Are Juneau's girls better behaved than its boys?
Across the Juneau School District, 75 percent of all principal-level discipline occurred with a male student in the 2008-09 school year, according to data from district Director of Student Services Dave Newton.
Juneau-Douglas High School guidance counselor Frank Coenraad said one reason may be differing levels of school connectedness.
"I don't want to just say 'Boys will be boys,'" he said. "I feel that the more connected the student is at the high school, less in terms of behavioral issues will arise."
Coenraad pointed out that when students are involved in activities, they have more adults involved in their lives and have to maintain certain grades in order to participate and travel.
"It gives them the impetus to work harder and behave," he said.
Last year at JDHS, there were 408 girls and 392 boys involved in some type of activity, according to information from the JDHS activities office. The office did not have the information divided by type of activity.
Over his years in working at JDHS, Coenraad said he has noticed an anecdotal difference between boys' and girls' involvement in non-athletic activities, though he perceives athletic involvement as about equal between the two sexes.
"I don't know how all that fits into discipline, but it could," he said. "Right now, certainly the girls seem to be outshining the boys in some of the positive attributes, like stronger academics, involvement in activities other than sports and more leadership."
In the district's recent 2008-2009 student achievement report, girls outperformed boys in reading, writing and math. Boys outperformed girls in science.
While nationwide reports in recent years point to a changing gender achievement gap between boys and girls, the independent think tank Education Sector says the hype is overrated in its report, "The Evidence Suggests Otherwise: The Truth about Boys and Girls."
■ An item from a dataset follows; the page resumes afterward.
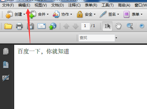 2、点击了的Adobe Acrobat的菜单中的编辑的菜单。

"The real story is not bad news about boys doing worse; it's good news about girls doing better," it says.
Rhonda Hickok, who spends half her time as activities coordinator at Thunder Mountain High School and half her time district-wide, said while she too sees a higher percentage of girls involved than boys, she thinks other factors come into play.
"Yes, I think sports and activities work to keep kids focused and making good decisions, but I would say there's probably a bigger picture behind this," she said, pointing out that girls and boys mature at different ages. "I like to think we do a fair job in ensuring the message we send out to youth is the same - I like to think it's not just boys getting caught more."
National research into behavioral differences between the sexes suggest that girls and boys engage in equal amounts of indirect aggressive behavior, whereas boys engage in more direct aggressive behavior than girls.
"When we look at adolescent development, boys are greater risk takers at times than girls," Hickok said.
The male-female discipline rate in the school district, however, is fairly consistent across age groups:
In elementary schools, males received 76 percent of all discipline.
In middle schools, 70 percent.
In high schools, 82 percent.
At the elementary school level, girls and boys tend to act out in different ways, Harborview Elementary School guidance counselor Amy Buchman said.
Buchman said girls tend to act out primarily verbally, or through communication, whereas boys tend to act out more through body language. She also pointed to differing societal behavioral pressures for girls and boys, like the idea that girls should be more nurturing and boys should hold back on emotions.
"We're still trying to get a grasp on it here," she said. "It would be really interesting to see what would happen if we could get some research on it - if we could get data on what ... kids are doing in their spare time that might have an influence."
Newton presented his compilation of extensive discipline data to the School Board on Tuesday.